Work order: The entries must be repeated verbatim, and their images left out.

Material shown:

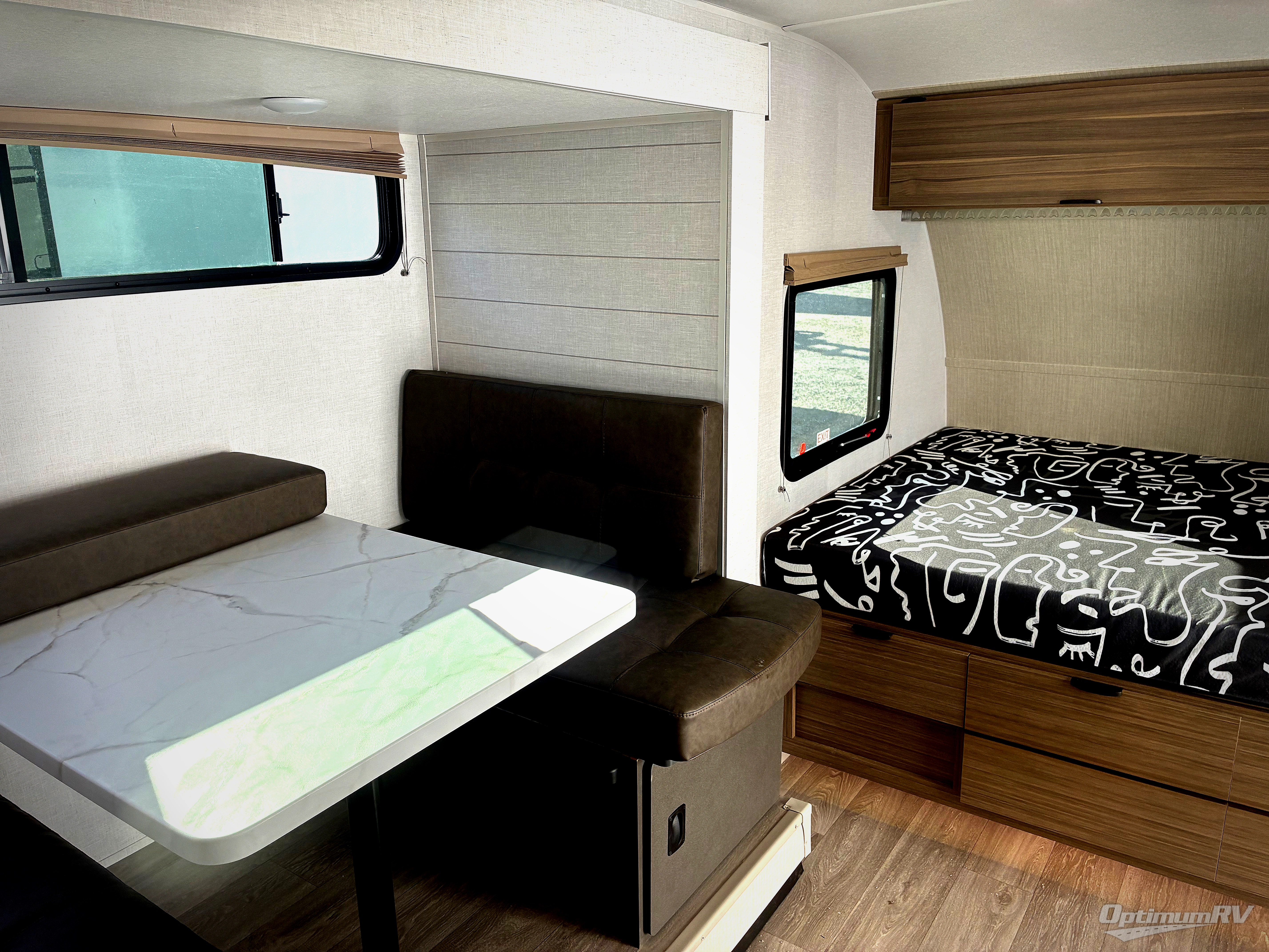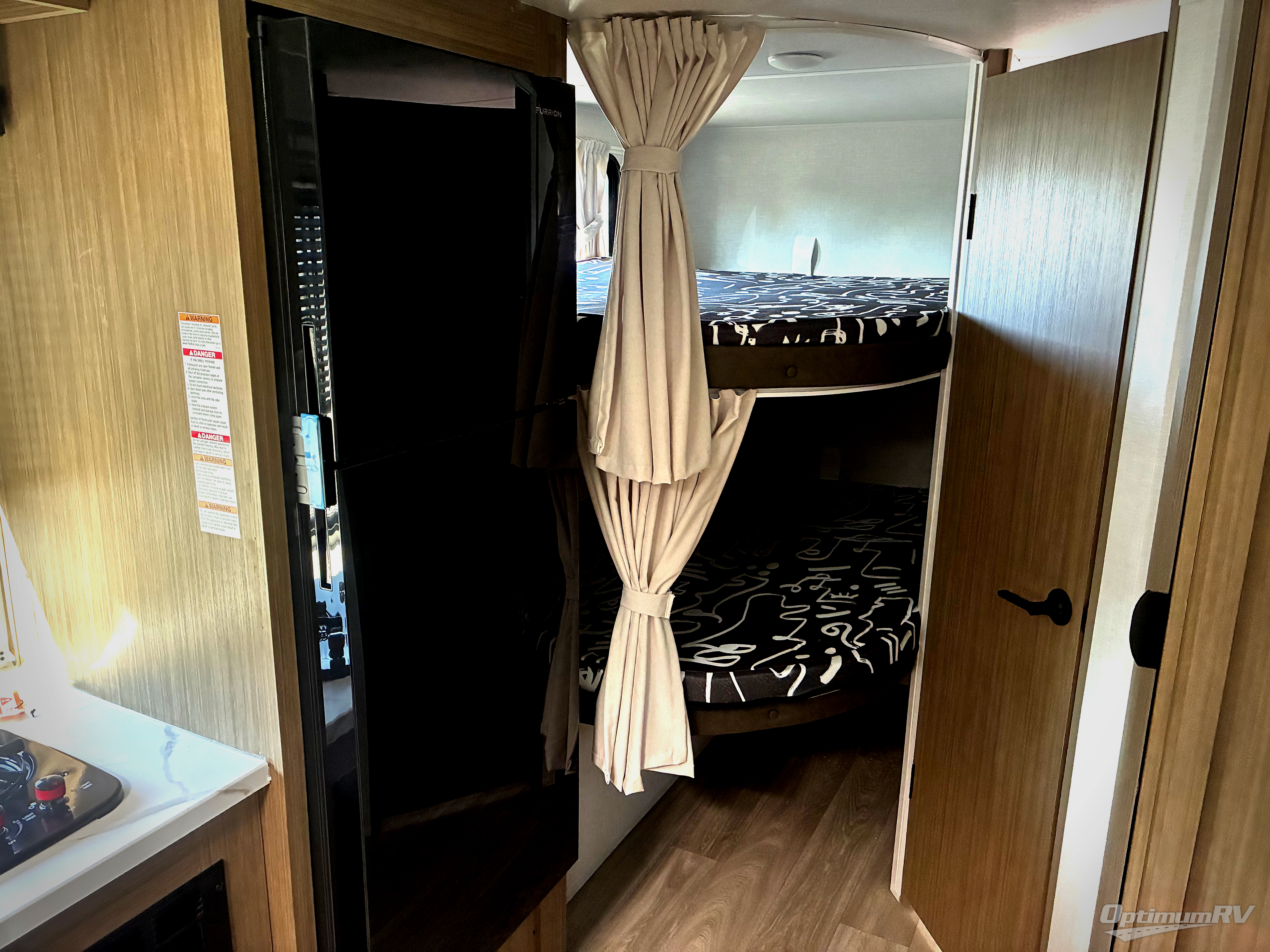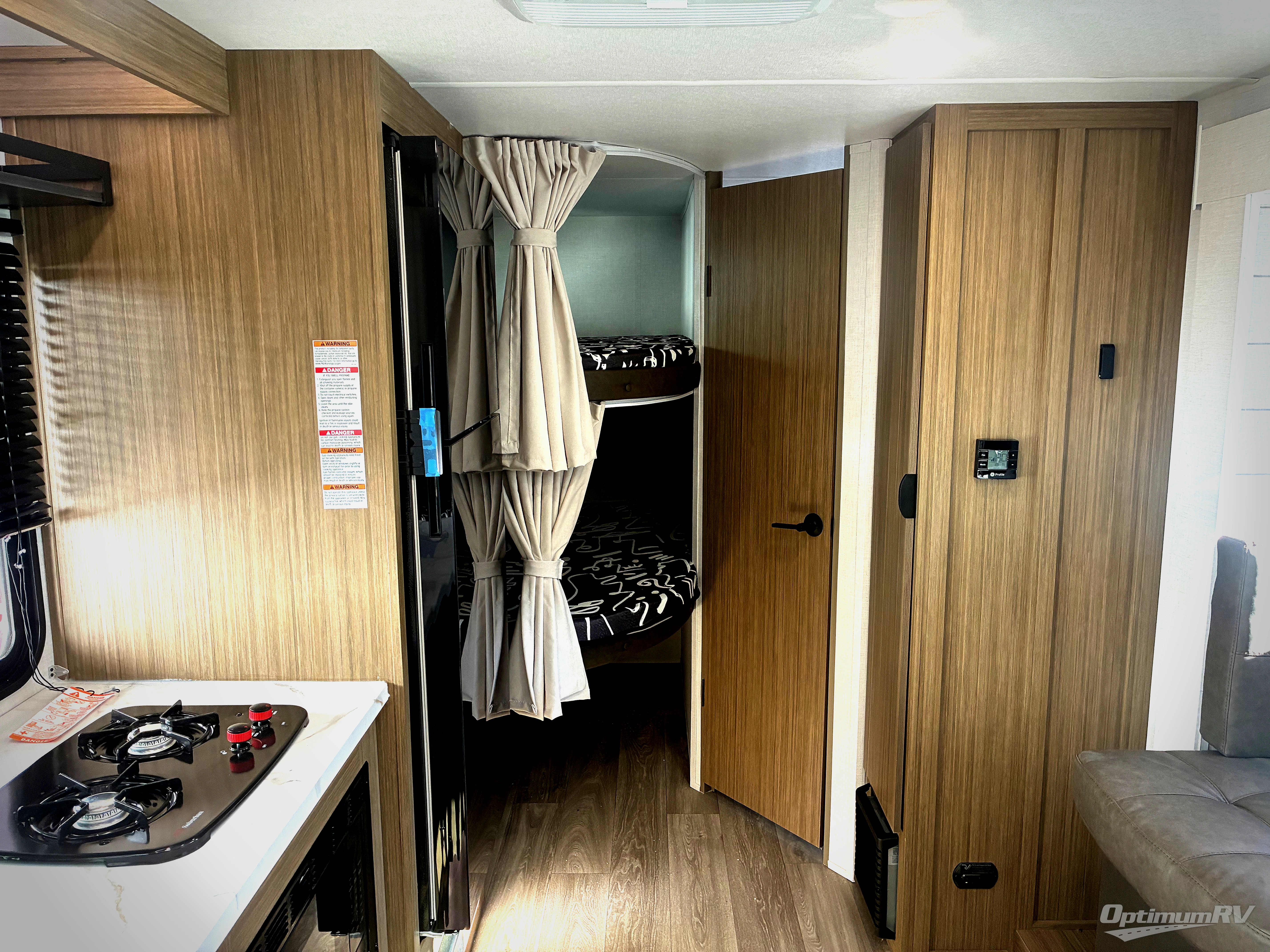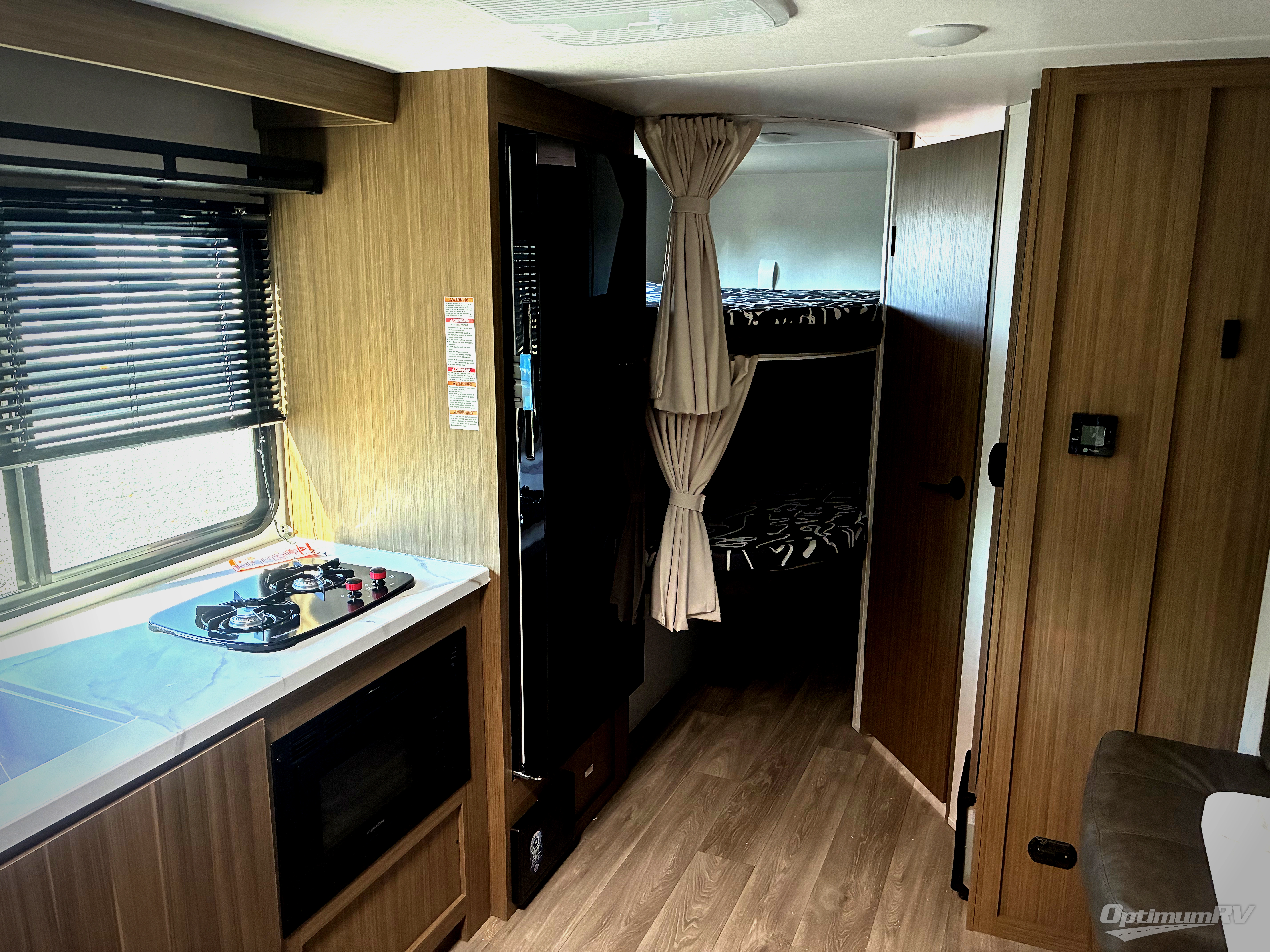 It will be so easy to enjoy time spent in this travel trailer for seven. The front queen bed provides a great night's rest, and there is an overhead cabinet to keep your things organized. Your guests or little ones can claim the double-size bunks for themselves, and there is a full bath adjacent to the bunks for easy nighttime use. A two-burner cooktop in the kitchen will let you make meals for your crew, and a refrigerator keeps leftovers fresh. You can dine at the booth dinette within the slide out or take your plate outdoors to sit under the 15' power awning.
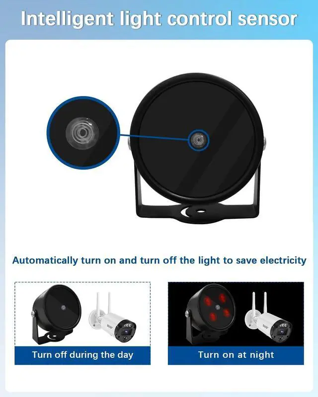 Automatic ON & OFFWith its built-in infrared flood light sensor, the security camera infrared illuminator will be self turn on at dusk and turn off at dawn, its in energy saving mode. Wave length 850nm infrared light, largely improves camera image quality in low-light or in pitch-dark, giving you a clear bright view at night.
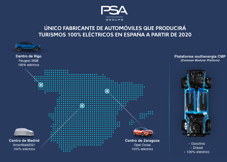 - España es un país clave en la estrategia de Groupe PSA frente a las emisiones de CO2, tanto en el plano comercial como en el industrial: es el único fabricante que producirá, a partir de este año, turismos 100% eléctricos en sus 3 fábricas españolas, que son un referente en materia de política ambiental.
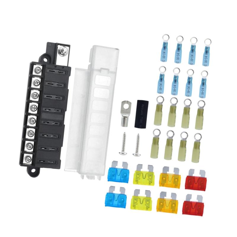 8 Way Fuse Box Heat Shrink Connector with Transparent Cover Blade Fuses Blade Fuse Block Holder for Yacht Automobiles
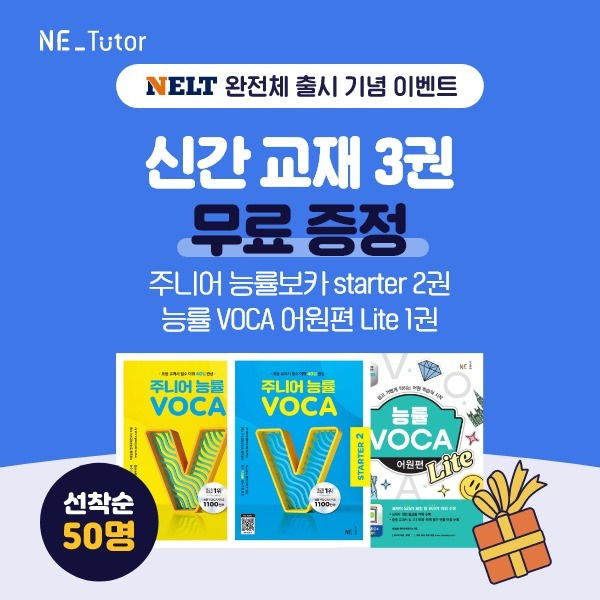 △교육플랫폼선도기업 NE능률이 온라인 영어 레벨 테스트 '넬트(NELT)'의 어휘, 문법에 이어 듣기, 독해 영역을 선보였다. 넬트는 국내 교육과정 기반으로 만들어진 내신과 수능 대비에 최적화된 영어 시험이다. 지난해 12월 출시된 어휘, 문법 영역에 이어 듣기, 독해 영역을 선보이며 전 영역을 아우르는 레벨 테스트로 경쟁력을 갖추게 됐다. 응시자의 실력에 따라 난이도가 결정돼 문제가 다르게 출제되고, 빅데이터 분석을 통해 응시자 맞춤 성적표를 제공한다. 이에 올해 6월 한국영어교육학회(KATE)의 인증을 획득하며 넬트의 타당도와 신뢰도를 입증했다. 출시를 기념해 영어 티칭 플랫폼 엔이튜터(NE Tutor) 홈페이지에서 교재 증정 이벤트를 진행한다. 넬트 '어휘+문법+듣기+독해' 응시권을 구매한 회원 50명에게 선착순으로 주니어 능률보카 스타터 2권과 능률보카 어원편 라이트 1권을 선물한다.
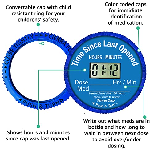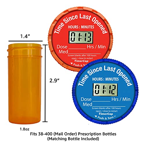 Specification: Timer Caps with Std. 2 oz. Vials (Qty 2) – Pill Organizer & Reminder for Medications
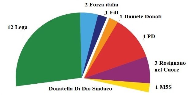 Come evidenziato dal grafico in caso di vittoria di Donatella Di Dio, 12 consiglieri comunali andrebbero alla Lega, 1 a Fratelli d’Italia e 2 a Forza Italia.
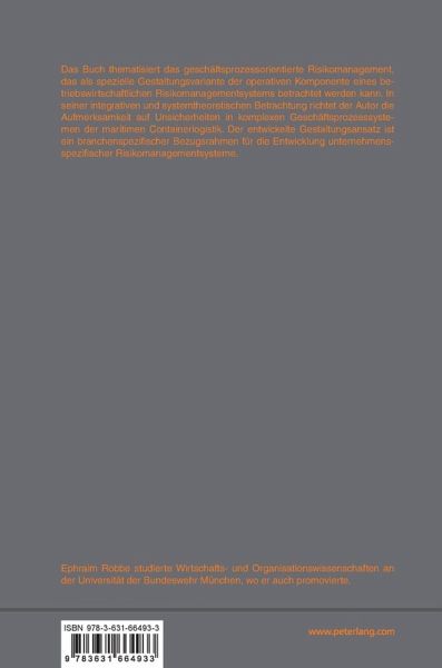 Das Buch thematisiert das geschäftsprozessorientierte Risikomanagement, das als spezielle Gestaltungsvariante der operativen Komponente eines betriebswirtschaftlichen Risikomanagementsystems betrachtet werden kann. In seiner integrativen und systemtheoretischen Betrachtung richtet der Autor die Aufmerksamkeit auf Unsicherheiten in komplexen Geschäftsprozesssystemen der maritimen Containerlogistik. Der entwickelte Gestaltungsansatz ist ein branchenspezifischer Bezugsrahmen für die Entwicklung unternehmensspezifischer Risikomanagementsysteme.

Task answer:
 It will be so easy to enjoy time spent in this travel trailer for seven. The front queen bed provides a great night's rest, and there is an overhead cabinet to keep your things organized. Your guests or little ones can claim the double-size bunks for themselves, and there is a full bath adjacent to the bunks for easy nighttime use. A two-burner cooktop in the kitchen will let you make meals for your crew, and a refrigerator keeps leftovers fresh. You can dine at the booth dinette within the slide out or take your plate outdoors to sit under the 15' power awning.
 Automatic ON & OFFWith its built-in infrared flood light sensor, the security camera infrared illuminator will be self turn on at dusk and turn off at dawn, its in energy saving mode. Wave length 850nm infrared light, largely improves camera image quality in low-light or in pitch-dark, giving you a clear bright view at night.
 - España es un país clave en la estrategia de Groupe PSA frente a las emisiones de CO2, tanto en el plano comercial como en el industrial: es el único fabricante que producirá, a partir de este año, turismos 100% eléctricos en sus 3 fábricas españolas, que son un referente en materia de política ambiental.
 8 Way Fuse Box Heat Shrink Connector with Transparent Cover Blade Fuses Blade Fuse Block Holder for Yacht Automobiles
 △교육플랫폼선도기업 NE능률이 온라인 영어 레벨 테스트 '넬트(NELT)'의 어휘, 문법에 이어 듣기, 독해 영역을 선보였다. 넬트는 국내 교육과정 기반으로 만들어진 내신과 수능 대비에 최적화된 영어 시험이다. 지난해 12월 출시된 어휘, 문법 영역에 이어 듣기, 독해 영역을 선보이며 전 영역을 아우르는 레벨 테스트로 경쟁력을 갖추게 됐다. 응시자의 실력에 따라 난이도가 결정돼 문제가 다르게 출제되고, 빅데이터 분석을 통해 응시자 맞춤 성적표를 제공한다. 이에 올해 6월 한국영어교육학회(KATE)의 인증을 획득하며 넬트의 타당도와 신뢰도를 입증했다. 출시를 기념해 영어 티칭 플랫폼 엔이튜터(NE Tutor) 홈페이지에서 교재 증정 이벤트를 진행한다. 넬트 '어휘+문법+듣기+독해' 응시권을 구매한 회원 50명에게 선착순으로 주니어 능률보카 스타터 2권과 능률보카 어원편 라이트 1권을 선물한다.
 Specification: Timer Caps with Std. 2 oz. Vials (Qty 2) – Pill Organizer & Reminder for Medications
 Come evidenziato dal grafico in caso di vittoria di Donatella Di Dio, 12 consiglieri comunali andrebbero alla Lega, 1 a Fratelli d’Italia e 2 a Forza Italia.
 Das Buch thematisiert das geschäftsprozessorientierte Risikomanagement, das als spezielle Gestaltungsvariante der operativen Komponente eines betriebswirtschaftlichen Risikomanagementsystems betrachtet werden kann. In seiner integrativen und systemtheoretischen Betrachtung richtet der Autor die Aufmerksamkeit auf Unsicherheiten in komplexen Geschäftsprozesssystemen der maritimen Containerlogistik. Der entwickelte Gestaltungsansatz ist ein branchenspezifischer Bezugsrahmen für die Entwicklung unternehmensspezifischer Risikomanagementsysteme.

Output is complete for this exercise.